#2570

Exotismes minuscules. Devant la gare, un moine bouddhiste, l’air songeur dans sa toge orange. Dans le tram bondé, une petite fille basanée évoque le gâteau à la crème mangé par son copain prénommé Stuart. À la brocante, un grand héron en plastique toise de haut un Napoléon chevauchant sa monture rouillée. Accroupi, un petit monsieur asiatique fouille dans un bac de LP marqué « afro-disco ». Dans la basilique, les cierges scintillent au pied des hautes colonnes grises mais l’air sent le renfermé, le moisi, et je tousse. Sous la flèche, un noir à chapeau brandit une hallebarde devant des touristes blancs et ridés. À l’orgue de barbarie, le chanteur de rues livre une strophe oubliée d’ « Une souris verte ». Plus loin, les musiciens arabes jouent du bouzouki et de l’accordéon. Mélanges, mélanges. Et penser à Roland.

#2569

« I waited a good hour after the last flick­ering light had disappeared. Then I crept softly up to the house, and, concealed in its shadow, listened for sounds. There were none, except those strange, almost inexpressible voices which seem to come from nowhere in the dead of night. I do not know that anybody has ever noticed them; but I have always fancied that they were like the breathing of the earth—if such a thing were possible—for they come in regular, rhythmic pulsations. »

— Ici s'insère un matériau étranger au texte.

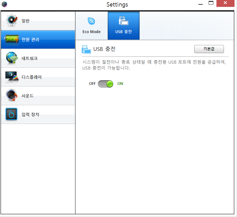 그림처럼 전원관리 - USB충전 - ON으로 바꿔줌.

Geo E. Walsh, The Mysterious Burglar, 1901

#2568

Depuis le début de l’année, j’ai pris la résolution de ne plus manger chez moi que végétarien + poisson. Et cette nuit j’ai fait un rêve étrangement en rapport avec une telle décision : je me trouvais dans une réunion de famille au restaurant, et nous remarquions que près du sol un large plateau portait des petits animaux ; il s’agissait de l’équivalent de l’aquarium à homards de certains restos, ces petits animaux devaient être tués sur place avant d’être mangé par les clients. Un peu horrifiés, nous constations que cela comprenait plusieurs écureuils volants, tout mignons, et décidions aussitôt d’en adopter deux.

#2567

Je marche beaucoup, en ce moment. Trois petites sorties rien qu’aujourd’hui, pour essayer de m’éclaircir la tête. Jamais loin, le quartier, le boulevard,les barrières, la gare, Nansouty… Le meilleur moment : l’heure entre chien et loup, lorsque l’éclat déclinant du ciel lutte avec les alignements oranges de l’éclairage municipal, que le visage blond des maisons se maquille de frais, que les grillons commencent à crisser dans l’échancrure ferroviaire, que les squares clos s’envahissent d’ombre, que les vélos passent en un souffle et les voitures en une ribambelle de lumignons. L’été m’est toujours plus difficile, besoin de marcher pour relâcher un peu de la pression de la solitude, et les crises d’angoisse qui vont avec. Cueillies quelques graines de rose trémière, dans l’espoir chaque fois déçu qu’un jour, l’une ait le caprice de pousser dans mon jardin plutôt que sur les trottoirs. Récolté aussi pas mal de pourpier, afin de le replanter dans un bac — des provisions pour futures salades.

#2566

La plateforme d’hébergement de mon blog me dit qu’il comprend 2896 articles. Fichtre. Ah, il faut dire que je « blogue » depuis… 2001 je crois ? Une amie en parlait comme d’un « voyage au long cours », il y a peu. Parfois je me demande pourquoi, tous ces mots, et qui les lit donc ? Il y avait un compteur de visites, sur l’ancienne version (chez Blogger), plus sur l’actuelle, je ne me rends donc pas du tout compte. Écrire dans le vide, de nos jours où tant de blogs recherchent notoriété et cadeaux, où chacun donne son petit avis en le baptisant « critique », est-ce dérisoire ?

Je cultive mon jardin, dans le silence de l’été.